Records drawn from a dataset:
Start of Block

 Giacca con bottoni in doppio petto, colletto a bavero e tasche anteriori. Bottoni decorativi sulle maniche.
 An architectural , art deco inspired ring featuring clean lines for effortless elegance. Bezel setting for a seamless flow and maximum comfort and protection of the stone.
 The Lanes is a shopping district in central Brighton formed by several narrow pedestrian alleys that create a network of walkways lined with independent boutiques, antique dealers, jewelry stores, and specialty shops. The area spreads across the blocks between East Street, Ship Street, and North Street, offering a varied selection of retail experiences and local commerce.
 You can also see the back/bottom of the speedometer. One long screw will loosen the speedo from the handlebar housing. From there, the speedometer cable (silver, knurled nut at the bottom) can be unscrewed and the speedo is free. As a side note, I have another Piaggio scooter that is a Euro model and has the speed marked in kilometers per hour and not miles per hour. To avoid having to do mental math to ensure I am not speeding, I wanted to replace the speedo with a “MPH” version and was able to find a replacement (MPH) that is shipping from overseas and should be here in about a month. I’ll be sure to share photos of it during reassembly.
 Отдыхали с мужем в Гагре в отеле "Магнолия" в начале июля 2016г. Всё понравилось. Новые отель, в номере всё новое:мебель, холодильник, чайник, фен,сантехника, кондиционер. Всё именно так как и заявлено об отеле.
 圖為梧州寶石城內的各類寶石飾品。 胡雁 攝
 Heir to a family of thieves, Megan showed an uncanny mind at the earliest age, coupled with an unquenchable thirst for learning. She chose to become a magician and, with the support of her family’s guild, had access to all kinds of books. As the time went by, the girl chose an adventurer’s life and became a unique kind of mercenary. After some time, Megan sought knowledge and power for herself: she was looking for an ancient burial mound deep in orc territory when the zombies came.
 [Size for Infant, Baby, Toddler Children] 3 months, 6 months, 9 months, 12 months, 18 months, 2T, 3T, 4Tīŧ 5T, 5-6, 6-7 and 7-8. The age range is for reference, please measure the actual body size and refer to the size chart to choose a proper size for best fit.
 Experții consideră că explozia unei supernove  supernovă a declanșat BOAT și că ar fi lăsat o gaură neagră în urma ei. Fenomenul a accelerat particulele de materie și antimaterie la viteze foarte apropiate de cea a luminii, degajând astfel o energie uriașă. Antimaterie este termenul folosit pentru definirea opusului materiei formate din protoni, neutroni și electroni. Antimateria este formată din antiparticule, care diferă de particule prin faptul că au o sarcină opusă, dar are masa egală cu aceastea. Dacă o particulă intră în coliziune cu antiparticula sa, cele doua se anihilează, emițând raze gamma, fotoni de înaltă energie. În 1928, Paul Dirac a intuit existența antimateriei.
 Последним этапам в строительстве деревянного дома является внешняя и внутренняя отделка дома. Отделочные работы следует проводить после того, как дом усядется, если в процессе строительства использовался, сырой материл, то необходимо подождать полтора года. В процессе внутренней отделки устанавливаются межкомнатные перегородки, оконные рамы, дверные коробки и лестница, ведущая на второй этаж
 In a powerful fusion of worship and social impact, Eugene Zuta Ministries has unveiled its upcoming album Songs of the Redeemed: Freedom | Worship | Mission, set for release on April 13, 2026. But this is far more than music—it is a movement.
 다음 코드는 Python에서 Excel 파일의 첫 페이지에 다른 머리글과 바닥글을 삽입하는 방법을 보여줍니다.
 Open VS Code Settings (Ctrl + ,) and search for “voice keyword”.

End of Block

## Task instructions
Lines after the one containing "An architectural , art" are not wanted; repeat exactly each line above from the first up to and including it.

## Answer section
 Giacca con bottoni in doppio petto, colletto a bavero e tasche anteriori. Bottoni decorativi sulle maniche.
 An architectural , art deco inspired ring featuring clean lines for effortless elegance. Bezel setting for a seamless flow and maximum comfort and protection of the stone.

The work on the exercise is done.